*RECORDS FOR THIS EXERCISE*

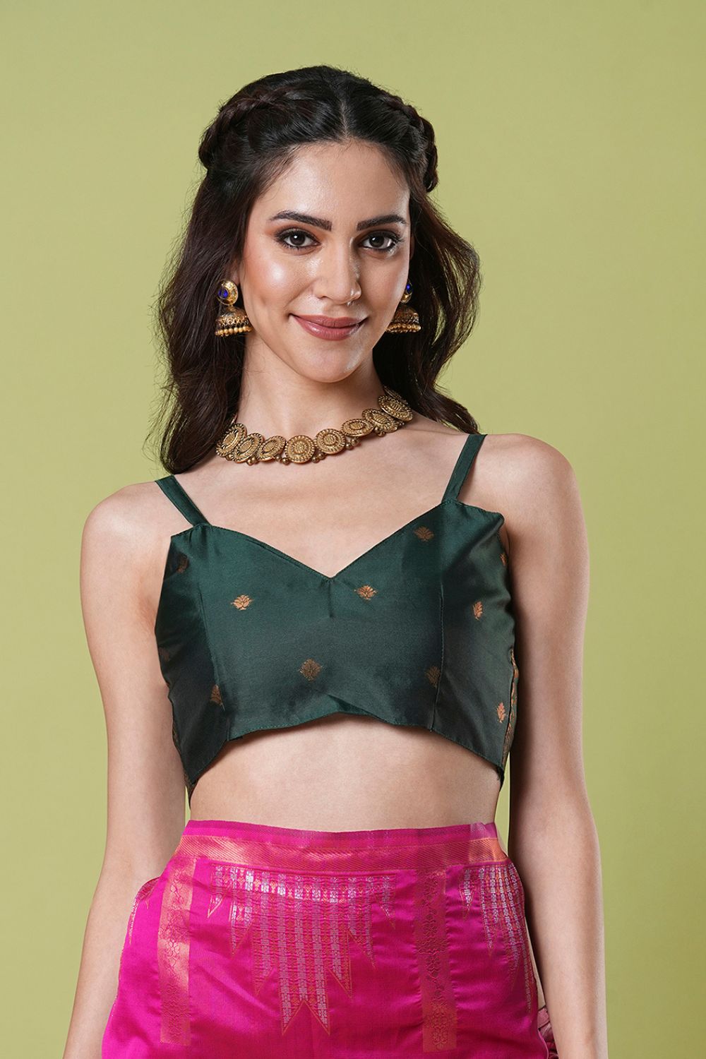 The blouse worn by the model might be for modelling purpose only. Check the image of the blouse piece to understand how the actual blouse piece looks like.
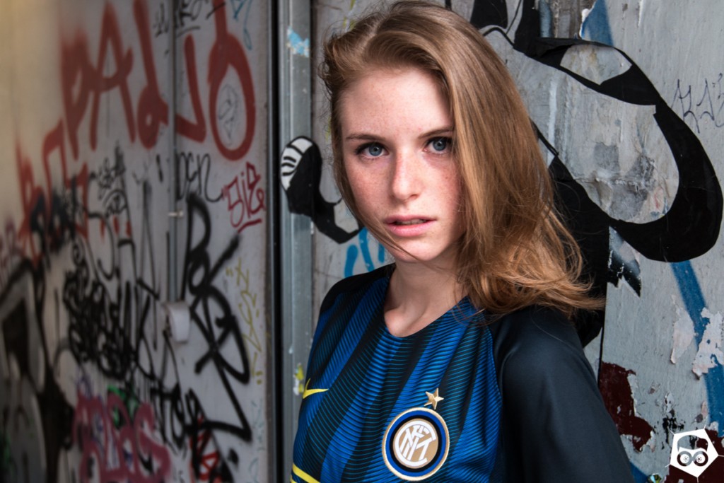 La tradizione, con inserti… biondi! Abbiamo scelto la nostra Marghe per celebrare il fascino nobile della maglia dell’Inter per la stagione 2016/2017.
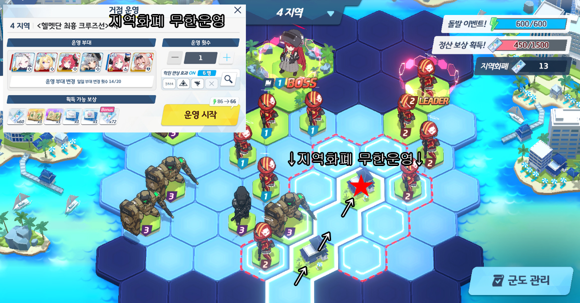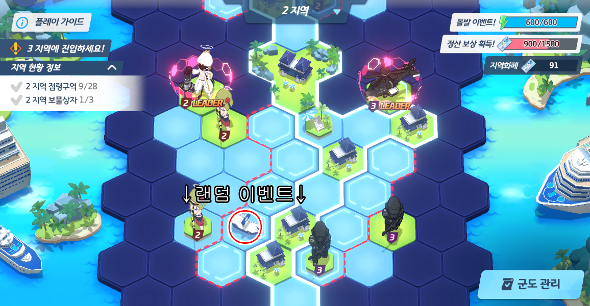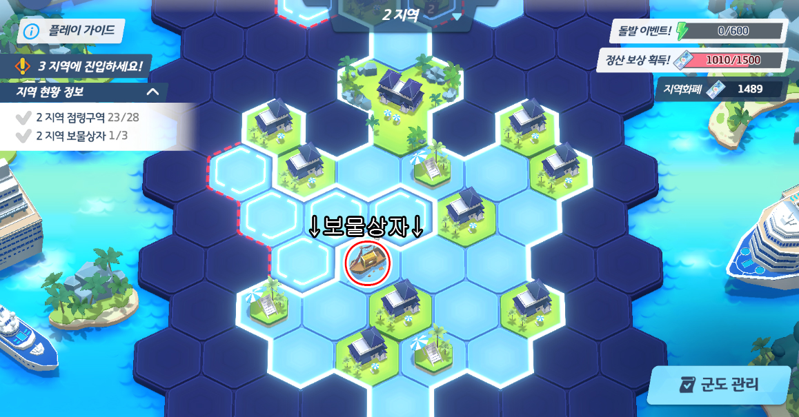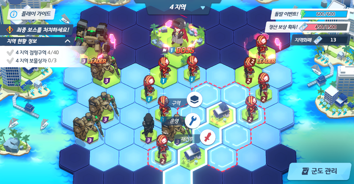 2. 파밍한 지역화폐로 1~4지역까지 모든 (타일 + 몹) 점령하기
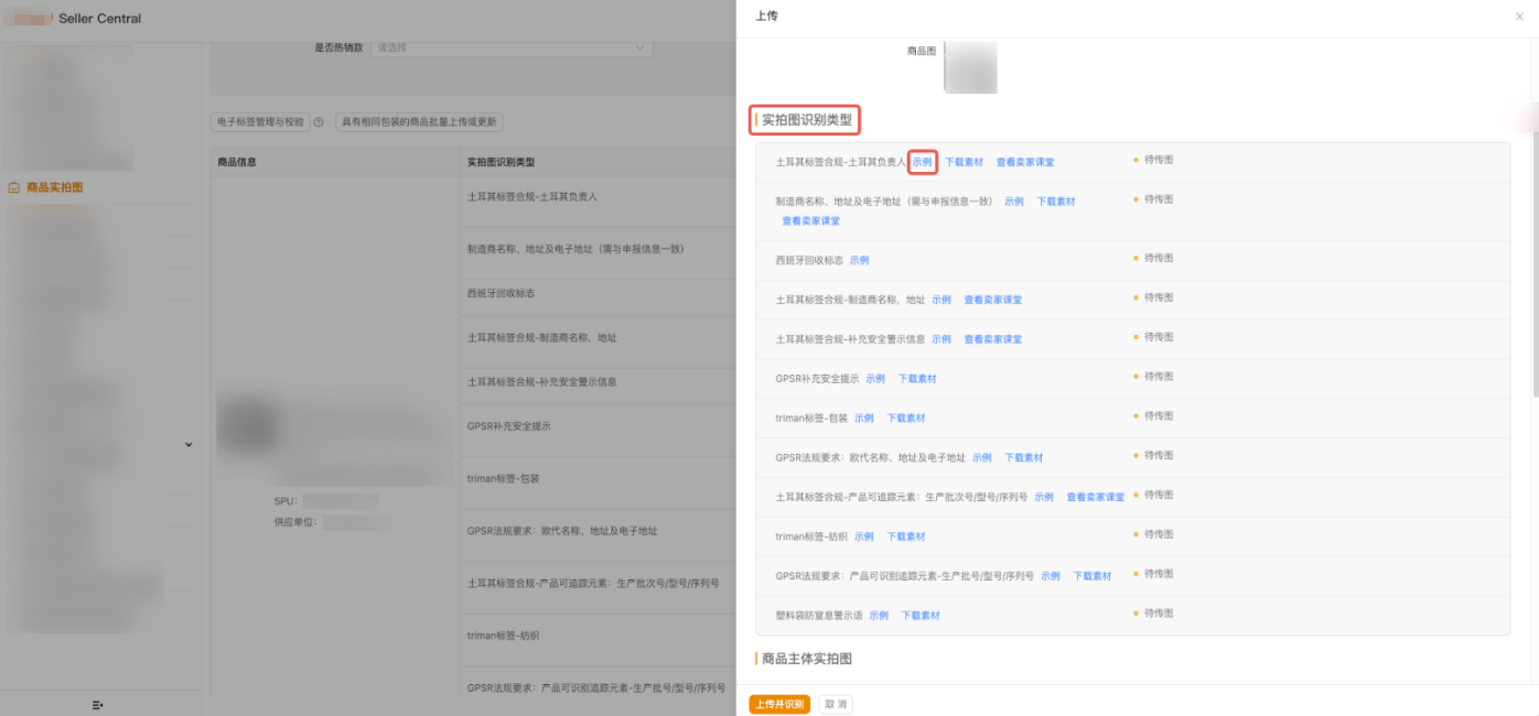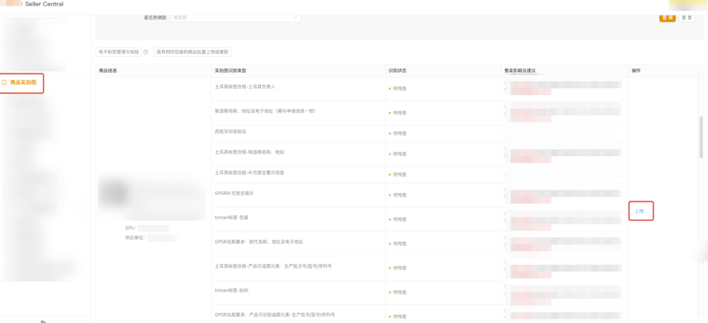 1. 进入【商家中心】-【合规服务】-【合规中心】-【商品实拍图】界面,找到您需上传商品标签的商品,并点击上传。 2. 进入上传界面后,查阅【实拍图识别类型】板块内容,同时可参考【示例】,您可以将该页所有商品标签相关的信息及其他您需添加的信息制作成电子标签。 再次提示:请确保商品标签至少完整包含本页面要求的所有信息。同时,您也负有确保标签符合其他所有适用法规的最终责任。 3. 生成电子版标签后,请将其上传至实拍图入口,直接点击【上传并识别】,并等待系统识别结果。注意:为确保流程顺畅,请勿重复点击或操作其他按钮,耐心等待识别完成。 4. 若您的电子版商品标签存在问题,则系统提示:“识别结果有异常,请及时整改实物图后重新上传,防止影响商品售卖”。请记录以下【红色提示内容】逐项查看问题说明,并参考【示例】中的要求进行相应整改。全部整改完成,点击关闭【X】退出该页面( 注意:不可点击【暂不处理】);电子版标签整改完成无问题后,请自行打印纸质版商品标签粘附在商品外包装上,或印刷于商品外包装上,再进行拍摄并上传。
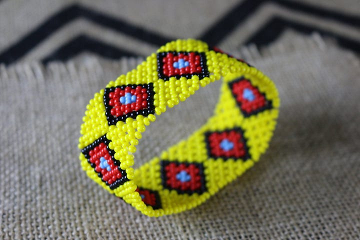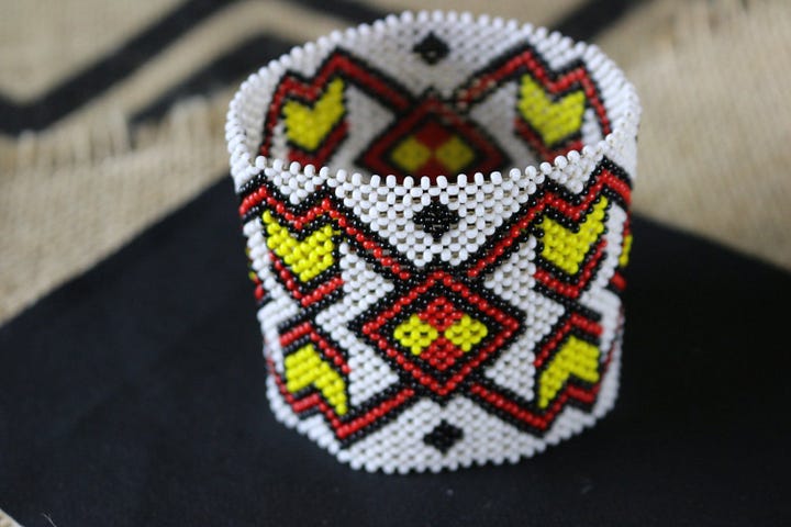 The vibrant colors and symmetrical designs of peyote-inspired beadwork reflect visions and spiritual symbolism specific to tribal beliefs.

*AIM OF THE TASK*
From the line containing "2. 파밍한 지역화폐로 1~4지역까지 모든 (타일 + 몹) 점령하기" down to the last line of the data, print every line exactly and nothing else. Pictures stay out of the copy.

*SOLVED EXERCISE*
 2. 파밍한 지역화폐로 1~4지역까지 모든 (타일 + 몹) 점령하기
 1. 进入【商家中心】-【合规服务】-【合规中心】-【商品实拍图】界面,找到您需上传商品标签的商品,并点击上传。 2. 进入上传界面后,查阅【实拍图识别类型】板块内容,同时可参考【示例】,您可以将该页所有商品标签相关的信息及其他您需添加的信息制作成电子标签。 再次提示:请确保商品标签至少完整包含本页面要求的所有信息。同时,您也负有确保标签符合其他所有适用法规的最终责任。 3. 生成电子版标签后,请将其上传至实拍图入口,直接点击【上传并识别】,并等待系统识别结果。注意:为确保流程顺畅,请勿重复点击或操作其他按钮,耐心等待识别完成。 4. 若您的电子版商品标签存在问题,则系统提示:“识别结果有异常,请及时整改实物图后重新上传,防止影响商品售卖”。请记录以下【红色提示内容】逐项查看问题说明,并参考【示例】中的要求进行相应整改。全部整改完成,点击关闭【X】退出该页面( 注意:不可点击【暂不处理】);电子版标签整改完成无问题后,请自行打印纸质版商品标签粘附在商品外包装上,或印刷于商品外包装上,再进行拍摄并上传。
 The vibrant colors and symmetrical designs of peyote-inspired beadwork reflect visions and spiritual symbolism specific to tribal beliefs.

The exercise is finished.